* **Task objective**
Copy out the data below as written; omit any images.

* **Data shown**
>>>>>

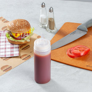 These clear condiment bottles visibly show the contents inside so you can avoid mixing up sauces. Not to mention, customers will instantly know what's inside.
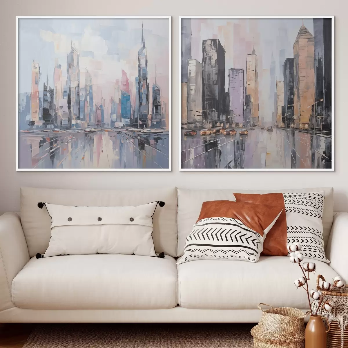 Każdy obraz jest owinięty folią stretch i zapakowany w karton wysyłkowy
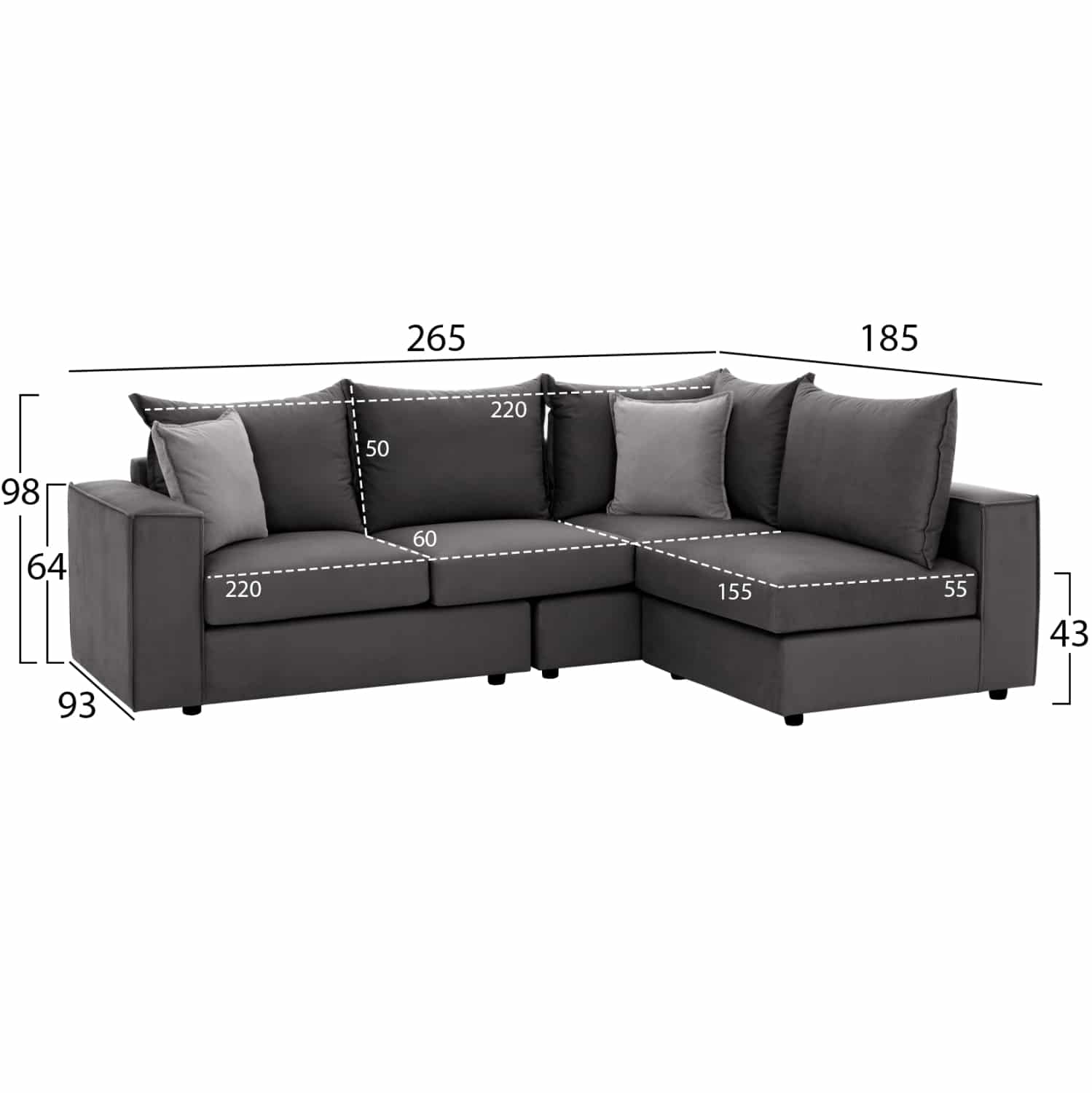 ΚΑΝΑΠΕΣ ΓΩΝΙΑ ΠΟΛΥΜΟΡΦΙΚΟΣ MONZA ΥΦΑΣΜΑ ΑΛΕΚΙΑΣΤΟ ΓΚΡΙ 265x195x98Yεκ. HM3256.01 HM3256.01

<<<<<

* **Task solution**
 These clear condiment bottles visibly show the contents inside so you can avoid mixing up sauces. Not to mention, customers will instantly know what's inside.
 Każdy obraz jest owinięty folią stretch i zapakowany w karton wysyłkowy
 ΚΑΝΑΠΕΣ ΓΩΝΙΑ ΠΟΛΥΜΟΡΦΙΚΟΣ MONZA ΥΦΑΣΜΑ ΑΛΕΚΙΑΣΤΟ ΓΚΡΙ 265x195x98Yεκ. HM3256.01 HM3256.01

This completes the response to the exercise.